• [WHAT IS REQUIRED] When you reach the line that contains "4) один зелёный", begin copying exactly, and continue through the last line of the data; no pictures belong in the copy.

• [AVAILABLE DATA]
**********

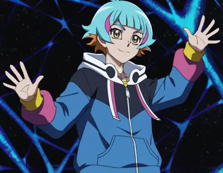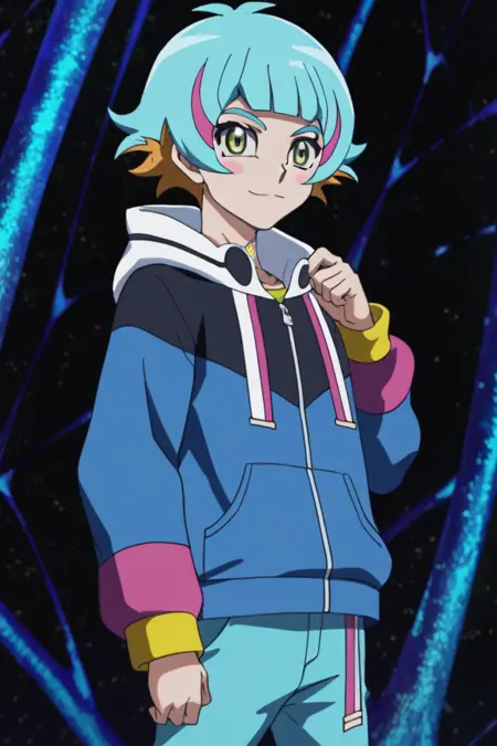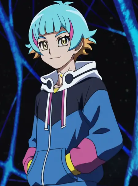提示:男性,五彩头发,三色头发,挑染头发,蓝色头发,粉红色发梢,橙色发梢,黄色眼睛,黄色颈部钻石,连帽衫,长袖,浅蓝色裤子,粉红色鞋子,腕表(用于决斗盘),王座厅,赛博空间(用于LINK VRAINS),Electrilyrical World
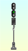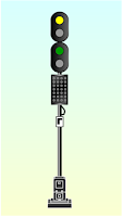 4) один зелёный мигающий и один жёлтый огни и две зелёные светящиеся полосы — разрешается поезду следовать на железнодорожную станцию со скоростью не более 120 км/ч на боковой железнодорожный путь; следующий светофор открыт и разрешает проследование его с установленной скоростью (рис. 11);
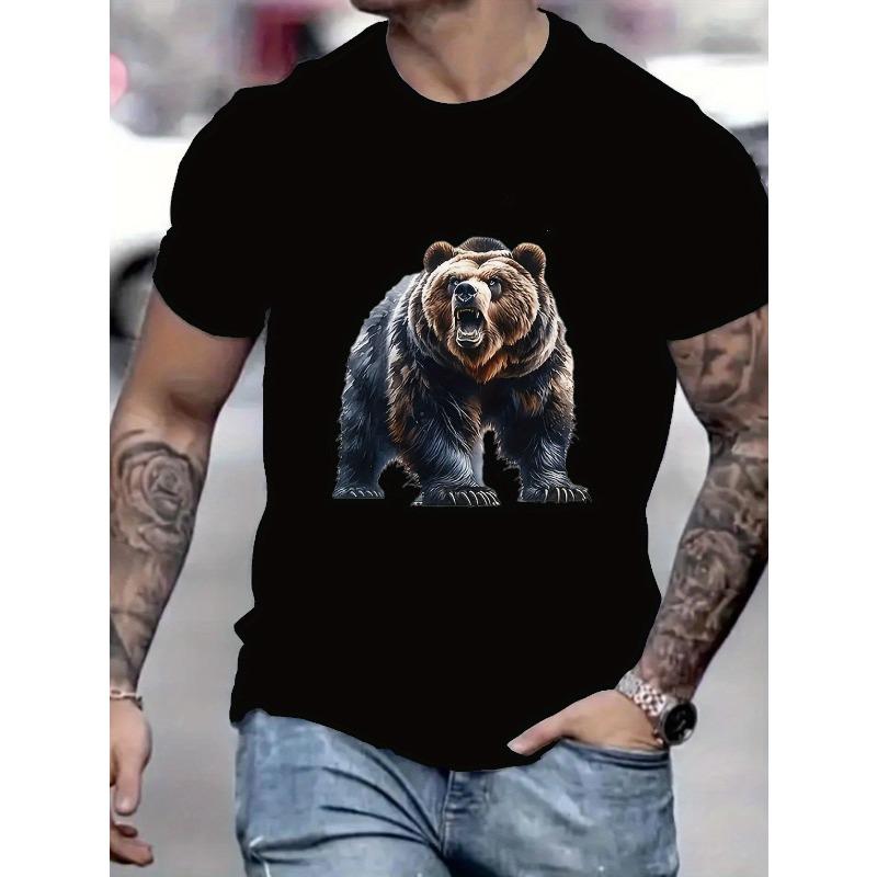 European Sizes Man'S Summer New Arrival T-shirt, with A Roaring Brown Bear Pattern Printed, Wild Animal Elements Lovers, Round Neck, Hot Selling
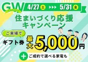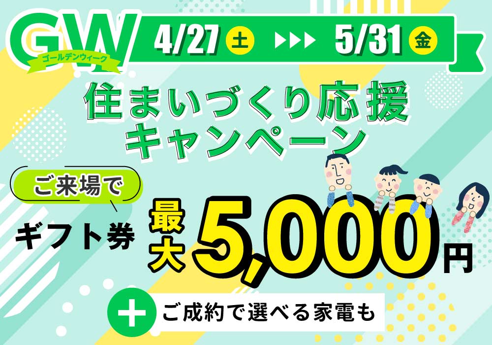 【ご来場で最大5,000円+選べる家電】ゴールデンウィーク 住まいづくり応援キャンペーン

**********

• [YOUR RESPONSE]
 4) один зелёный мигающий и один жёлтый огни и две зелёные светящиеся полосы — разрешается поезду следовать на железнодорожную станцию со скоростью не более 120 км/ч на боковой железнодорожный путь; следующий светофор открыт и разрешает проследование его с установленной скоростью (рис. 11);
 European Sizes Man'S Summer New Arrival T-shirt, with A Roaring Brown Bear Pattern Printed, Wild Animal Elements Lovers, Round Neck, Hot Selling
 【ご来場で最大5,000円+選べる家電】ゴールデンウィーク 住まいづくり応援キャンペーン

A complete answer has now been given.